Opinión

La ministra de Bilbao

Hay en la historia del parlamentarismo español tantos gobernantes que se han perpetuado por sus incongruencias que no parece otra cosa que son más los que han pasado a la posteridad por necios que los que lo han hecho por inteligentes. No hace falta otra cosa que repasar nuestros archivos para encontrar ministros a los que se recuerda por un error de bulto, una mala decisión o una completa inconveniencia, y la última en cerrar hasta el momento este catálogo de disparates históricos es la ministra de Educación cuya ley se hará un hueco en el sentir general, con su propio apellido. Se llamará para la posteridad, “ley Celaá” en honor de María Isabel Celaá Diéguez, una dama de setenta y un años, profesora de instituto jubilada que se ha empeñado en ganarse un lugar en los anales por su polémico sistema de regular las relaciones entre la enseñanza pública y privada, y sus controvertidos planes de estudios. Lo de pasar a la historia gracias a una actuación que se bautiza con los apellidos de su creador le ha pasado a muchos ministros.
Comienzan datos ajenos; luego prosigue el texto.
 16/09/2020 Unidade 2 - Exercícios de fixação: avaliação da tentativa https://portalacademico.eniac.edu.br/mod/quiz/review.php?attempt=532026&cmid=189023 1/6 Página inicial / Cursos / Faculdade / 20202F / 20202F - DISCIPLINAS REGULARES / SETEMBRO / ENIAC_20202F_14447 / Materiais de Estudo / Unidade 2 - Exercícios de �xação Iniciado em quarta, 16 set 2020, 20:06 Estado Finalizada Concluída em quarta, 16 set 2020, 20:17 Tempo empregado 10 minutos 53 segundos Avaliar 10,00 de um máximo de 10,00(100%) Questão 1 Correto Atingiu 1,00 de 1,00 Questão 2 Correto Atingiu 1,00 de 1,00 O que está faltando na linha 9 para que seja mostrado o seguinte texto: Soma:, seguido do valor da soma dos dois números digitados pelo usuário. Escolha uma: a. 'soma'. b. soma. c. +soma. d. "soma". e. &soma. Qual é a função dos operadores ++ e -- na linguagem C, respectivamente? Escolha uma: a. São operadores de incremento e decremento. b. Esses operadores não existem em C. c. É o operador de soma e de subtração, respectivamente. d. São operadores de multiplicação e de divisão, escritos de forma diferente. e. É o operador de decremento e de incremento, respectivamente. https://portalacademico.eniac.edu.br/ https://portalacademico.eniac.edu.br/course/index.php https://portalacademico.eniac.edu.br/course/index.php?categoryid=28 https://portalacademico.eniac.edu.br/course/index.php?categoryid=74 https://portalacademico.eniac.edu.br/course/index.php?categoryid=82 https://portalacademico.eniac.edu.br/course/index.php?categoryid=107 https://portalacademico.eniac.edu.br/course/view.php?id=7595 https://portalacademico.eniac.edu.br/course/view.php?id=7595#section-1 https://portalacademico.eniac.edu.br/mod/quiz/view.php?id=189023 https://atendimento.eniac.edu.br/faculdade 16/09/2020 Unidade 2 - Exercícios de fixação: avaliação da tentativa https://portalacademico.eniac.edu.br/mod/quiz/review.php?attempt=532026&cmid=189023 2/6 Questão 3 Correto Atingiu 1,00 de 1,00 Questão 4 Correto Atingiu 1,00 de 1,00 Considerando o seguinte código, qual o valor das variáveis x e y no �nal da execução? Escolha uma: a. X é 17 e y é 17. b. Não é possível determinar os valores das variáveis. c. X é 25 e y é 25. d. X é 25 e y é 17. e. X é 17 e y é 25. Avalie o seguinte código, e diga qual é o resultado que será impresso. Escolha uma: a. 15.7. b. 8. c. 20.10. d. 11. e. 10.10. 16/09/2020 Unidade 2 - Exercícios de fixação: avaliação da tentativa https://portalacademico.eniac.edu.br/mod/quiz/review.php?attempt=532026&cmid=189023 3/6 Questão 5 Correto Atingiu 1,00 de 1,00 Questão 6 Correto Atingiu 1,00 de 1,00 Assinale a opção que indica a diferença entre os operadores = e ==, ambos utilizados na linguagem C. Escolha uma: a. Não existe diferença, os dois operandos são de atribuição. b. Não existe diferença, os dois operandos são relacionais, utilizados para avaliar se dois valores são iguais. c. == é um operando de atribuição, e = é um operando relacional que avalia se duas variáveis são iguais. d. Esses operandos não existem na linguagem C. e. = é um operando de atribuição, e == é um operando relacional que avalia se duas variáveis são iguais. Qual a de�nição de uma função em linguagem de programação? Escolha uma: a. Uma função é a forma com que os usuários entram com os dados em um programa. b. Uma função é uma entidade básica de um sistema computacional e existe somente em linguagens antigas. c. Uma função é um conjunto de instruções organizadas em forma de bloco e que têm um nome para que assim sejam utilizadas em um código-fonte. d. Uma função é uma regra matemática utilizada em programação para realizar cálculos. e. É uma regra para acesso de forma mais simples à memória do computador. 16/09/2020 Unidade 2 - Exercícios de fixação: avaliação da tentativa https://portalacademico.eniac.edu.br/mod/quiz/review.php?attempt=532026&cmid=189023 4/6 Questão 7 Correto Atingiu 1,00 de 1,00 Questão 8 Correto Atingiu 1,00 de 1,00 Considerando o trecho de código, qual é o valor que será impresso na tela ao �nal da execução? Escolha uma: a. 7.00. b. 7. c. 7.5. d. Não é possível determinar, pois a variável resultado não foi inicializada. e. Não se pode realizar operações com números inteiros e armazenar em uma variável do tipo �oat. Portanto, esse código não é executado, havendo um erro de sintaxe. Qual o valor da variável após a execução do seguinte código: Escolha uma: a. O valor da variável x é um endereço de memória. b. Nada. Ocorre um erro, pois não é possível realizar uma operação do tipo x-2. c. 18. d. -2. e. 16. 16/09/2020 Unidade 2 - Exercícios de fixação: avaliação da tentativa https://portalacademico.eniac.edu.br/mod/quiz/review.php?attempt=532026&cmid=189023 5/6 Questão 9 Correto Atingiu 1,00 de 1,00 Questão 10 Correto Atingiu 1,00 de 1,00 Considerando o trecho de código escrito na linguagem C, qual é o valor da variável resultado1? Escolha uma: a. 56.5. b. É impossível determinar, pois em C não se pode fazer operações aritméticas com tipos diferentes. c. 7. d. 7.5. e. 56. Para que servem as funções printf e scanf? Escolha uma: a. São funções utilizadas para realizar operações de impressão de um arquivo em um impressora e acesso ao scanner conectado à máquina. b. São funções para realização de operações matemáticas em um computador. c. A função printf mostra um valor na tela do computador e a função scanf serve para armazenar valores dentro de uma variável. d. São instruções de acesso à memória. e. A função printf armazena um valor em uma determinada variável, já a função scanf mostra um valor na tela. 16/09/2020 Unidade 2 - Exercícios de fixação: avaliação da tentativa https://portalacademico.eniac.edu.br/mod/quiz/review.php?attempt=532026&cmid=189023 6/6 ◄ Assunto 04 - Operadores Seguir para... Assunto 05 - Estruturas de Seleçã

Claudio Moyano, un circunspecto zamorano que ocupó la cartera de Educación y Ciencia a mediados del siglo XIX, confeccionó una ley de Educación tan provechosa que el ordenamiento educativo que promulgó en 1857 bajo el nombre de Ley de Instrucción Pública, permaneció vigente con ligeros retoques hasta la LOGSE de 1990 perpetuándose bajo el nombre de su autor, al que el pueblo agradecido por haber contribuido a mejorar sustancialmente la deplorable situación de la educación española, colocó por suscripción popular una estatua en su recuerdo que hoy se sitúa al final de la cuesta en el Madrid próximo al Retiro a la que también bautiza.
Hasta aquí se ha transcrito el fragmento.